■ Input:

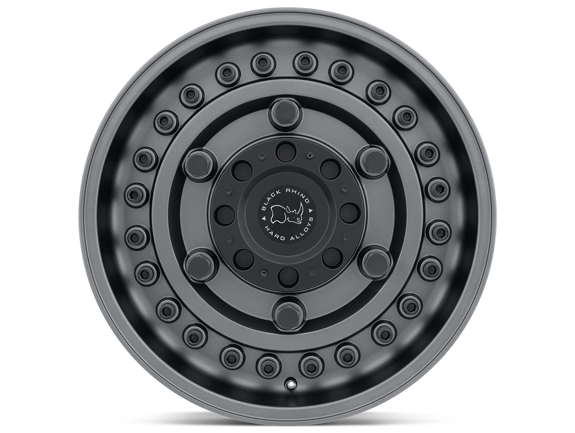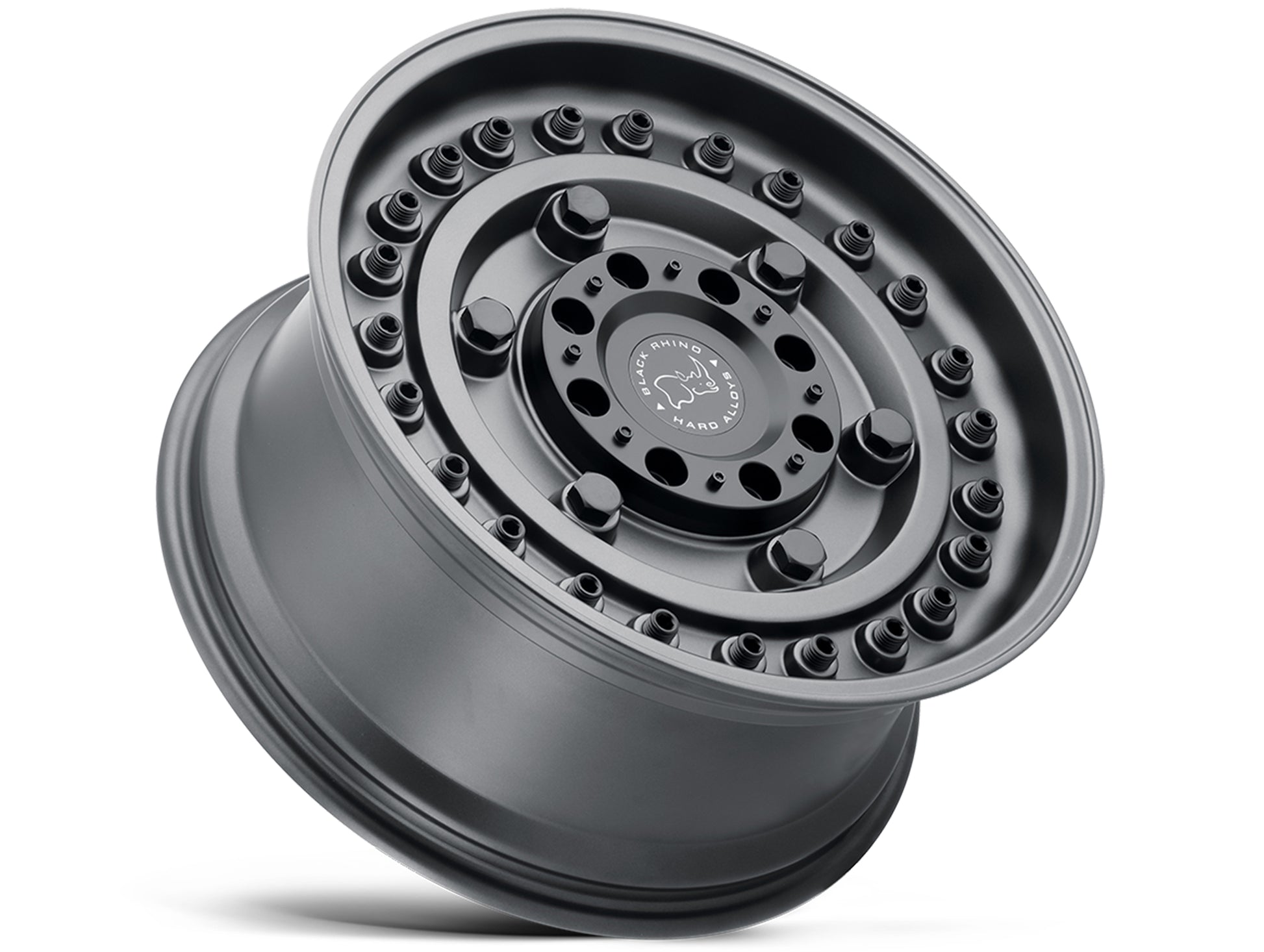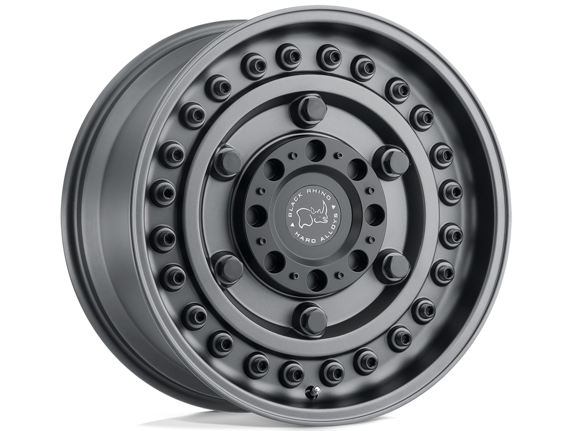 Make the Black Rhino Armory the weapon of choice for your next off-road operation. Featuring renowned Black Rhino tactical style and mil-spec attitude, the Armory is a dramatic statement of ruggedness that's perfect for the military-minded off-road enthusiast. Black Rhino's mission was to cover the best range of stock and lifted off-highway vehicles; that's why Armory off-road wheels are available in 16x8, 17x9.5, 18x9.5, 20x9.5 and 20x12 sizes. Offsets range from -44mm to +45mm and 5, 6 and 8-lug bolt patterns, including an 8x180 pattern for newer GMC and Chevrolet heavy duty trucks. Gear up and get out with the Black Rhino Armory.
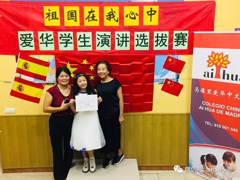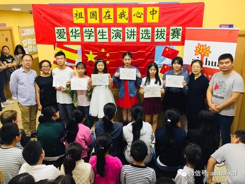 最终,罗梓珺、徐妮妮和张睿妍分别获得低龄组一、二、三等奖;薛静怡、董姝亚和王祎俊分别获得少年组一、二、三等奖,并同时选拔出了七位选手参加即将在马德里举行的华裔学生“我是超级演说家”比赛,他们是:爱华USERA校区的张睿妍、薛静怡、董姝亚、叶锦翔和爱华SAN FERMIN校区的罗梓珺、徐妮妮和王祎俊。
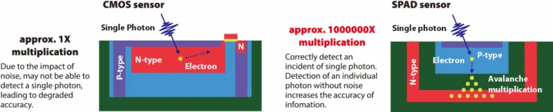 ▲ SPAD 感光元件的工作原理。
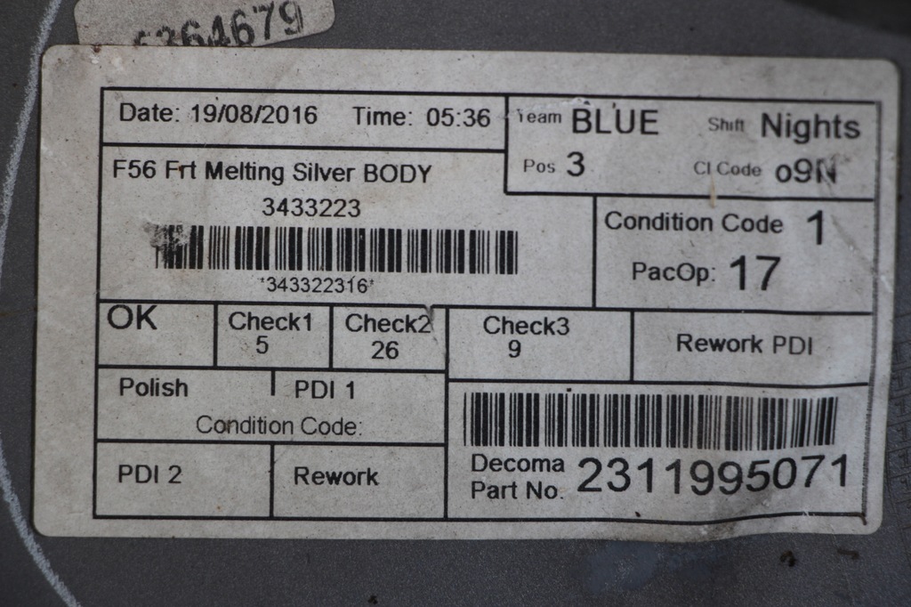 | Part quality (according to GVO) | O - original with the vehicle manufacturer's logo (OE) |
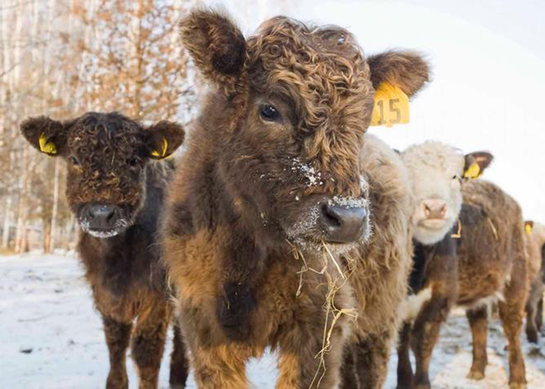 Среди фермерских животных есть удивительная корова шотландской породы. Владелец экофермы разводит редкий галловейский вид, который заметно отличается от привычной нам бурёнки.
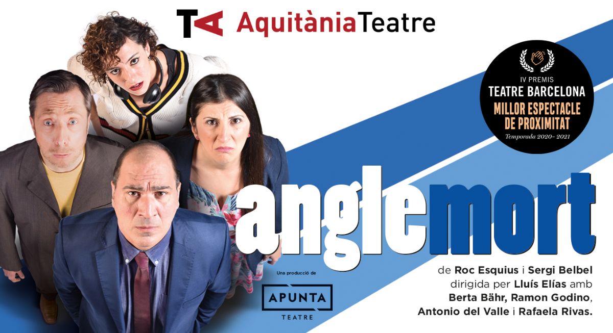 A partir del proper 26 d’abril, a l’escenari de l’Aquitània Teatre es podrà veure la comèdia ‘Angle Mort’, un text de Sergi Belbel i Roc Esquis, amb direcció de Lluis Elías, que va ser Premi Teatre Barcelona a Millor Espectacle de Proximitat en la seva quarta edició.
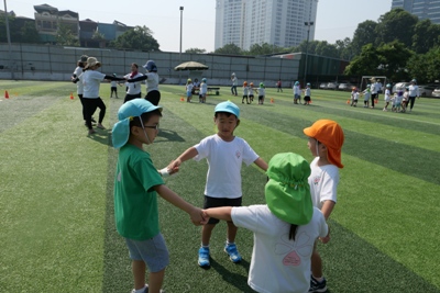 子どもたちも、このハノイの暑さに負けない、元気パワーで取り組んでいます。 グランド練習も、3回目が終わり、子ども達のやる気も毎回パワーアップしています! 小さなお友達も、グランドを楽しみに登園し、 お兄ちゃん、お姉ちゃん達にお手伝いしてもらいながら、たのしく取り組んでいます。 さくらっこの良さでもあり、異年齢の活動を通し、 小さなお友だちと一緒に取り組み、憧れの気持ちを持って活動に参加し、 思いやる気持ちが育っています。 この運動会を通して、 お兄ちゃん、お姉ちゃん達の姿を見て、小さなクラスのお友達も、 さらに大きく成長していると思います! さくらっこ、みんなで大きく成長している姿を楽しみにしていてください。 今年も、未就園児のお友達も参加できる活動も予定しています。 後日、詳細をお知らせしますので、ぜひ!ご参加下さい◎ #082 ベトナム・ハノイの日系幼稚園 さくらHoaAnhDao幼稚園ホームページ |
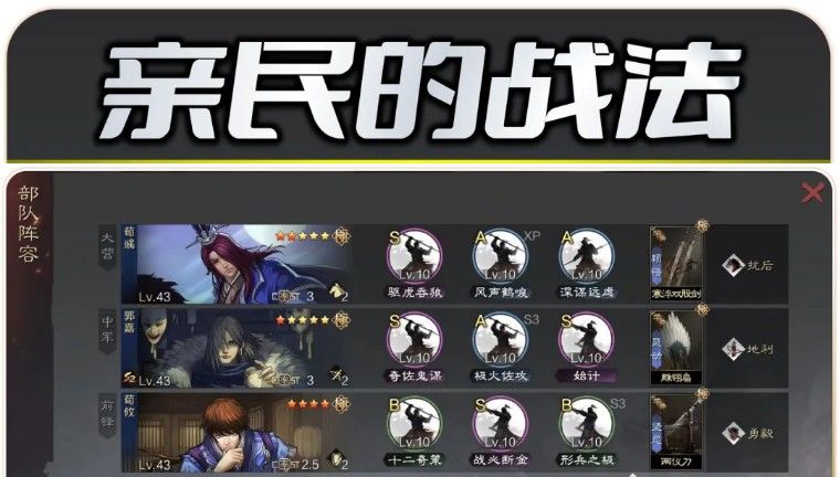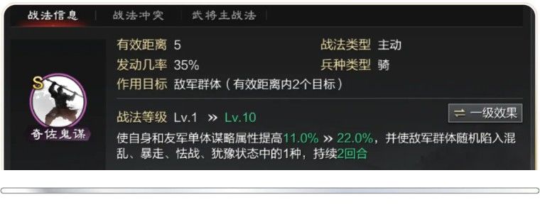 除了一个战必断金和始计是S级战法以外,风声鹤唳、极火佐攻、深谋远虑和形兵之极都是很容易获得的战法。在目前大量队伍追求爆发和快速解决战斗的风气下,这队依靠深谋远虑、风声鹤唳、极火佐攻和始计增伤,实现了指挥战法+主动战法+被动战法三层增伤。依靠小荀攸的瞬发45%发动几率的【十二奇策】移除友军单体的有害效果,并提供洞察、规避、先手状态。
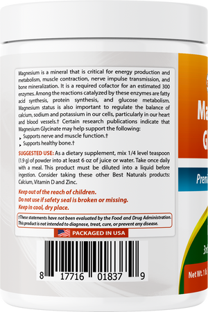 Best Naturals Magnesium Glycinate 1 Lb Pure Powder
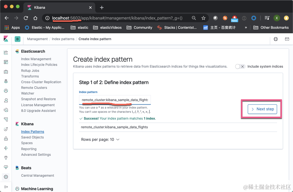 在上面,如果我们有本地和远程相同类型的索引(比如,我们针对不同地区的服务器来收集数据),我们可以使用逗号“,”把所有的索引放在一起做成一个 index pattern,比如就像:remote_cluster:kibana_sample_data_flights, my_local_index。

■ Work item: Print all of the records shown above exactly, leaving out each picture.

■ Response below:
 Make the Black Rhino Armory the weapon of choice for your next off-road operation. Featuring renowned Black Rhino tactical style and mil-spec attitude, the Armory is a dramatic statement of ruggedness that's perfect for the military-minded off-road enthusiast. Black Rhino's mission was to cover the best range of stock and lifted off-highway vehicles; that's why Armory off-road wheels are available in 16x8, 17x9.5, 18x9.5, 20x9.5 and 20x12 sizes. Offsets range from -44mm to +45mm and 5, 6 and 8-lug bolt patterns, including an 8x180 pattern for newer GMC and Chevrolet heavy duty trucks. Gear up and get out with the Black Rhino Armory.
 最终,罗梓珺、徐妮妮和张睿妍分别获得低龄组一、二、三等奖;薛静怡、董姝亚和王祎俊分别获得少年组一、二、三等奖,并同时选拔出了七位选手参加即将在马德里举行的华裔学生“我是超级演说家”比赛,他们是:爱华USERA校区的张睿妍、薛静怡、董姝亚、叶锦翔和爱华SAN FERMIN校区的罗梓珺、徐妮妮和王祎俊。
 ▲ SPAD 感光元件的工作原理。
 | Part quality (according to GVO) | O - original with the vehicle manufacturer's logo (OE) |
 Среди фермерских животных есть удивительная корова шотландской породы. Владелец экофермы разводит редкий галловейский вид, который заметно отличается от привычной нам бурёнки.
 A partir del proper 26 d’abril, a l’escenari de l’Aquitània Teatre es podrà veure la comèdia ‘Angle Mort’, un text de Sergi Belbel i Roc Esquis, amb direcció de Lluis Elías, que va ser Premi Teatre Barcelona a Millor Espectacle de Proximitat en la seva quarta edició.
 子どもたちも、このハノイの暑さに負けない、元気パワーで取り組んでいます。 グランド練習も、3回目が終わり、子ども達のやる気も毎回パワーアップしています! 小さなお友達も、グランドを楽しみに登園し、 お兄ちゃん、お姉ちゃん達にお手伝いしてもらいながら、たのしく取り組んでいます。 さくらっこの良さでもあり、異年齢の活動を通し、 小さなお友だちと一緒に取り組み、憧れの気持ちを持って活動に参加し、 思いやる気持ちが育っています。 この運動会を通して、 お兄ちゃん、お姉ちゃん達の姿を見て、小さなクラスのお友達も、 さらに大きく成長していると思います! さくらっこ、みんなで大きく成長している姿を楽しみにしていてください。 今年も、未就園児のお友達も参加できる活動も予定しています。 後日、詳細をお知らせしますので、ぜひ!ご参加下さい◎ #082 ベトナム・ハノイの日系幼稚園 さくらHoaAnhDao幼稚園ホームページ |
 除了一个战必断金和始计是S级战法以外,风声鹤唳、极火佐攻、深谋远虑和形兵之极都是很容易获得的战法。在目前大量队伍追求爆发和快速解决战斗的风气下,这队依靠深谋远虑、风声鹤唳、极火佐攻和始计增伤,实现了指挥战法+主动战法+被动战法三层增伤。依靠小荀攸的瞬发45%发动几率的【十二奇策】移除友军单体的有害效果,并提供洞察、规避、先手状态。
 Best Naturals Magnesium Glycinate 1 Lb Pure Powder
 在上面,如果我们有本地和远程相同类型的索引(比如,我们针对不同地区的服务器来收集数据),我们可以使用逗号“,”把所有的索引放在一起做成一个 index pattern,比如就像:remote_cluster:kibana_sample_data_flights, my_local_index。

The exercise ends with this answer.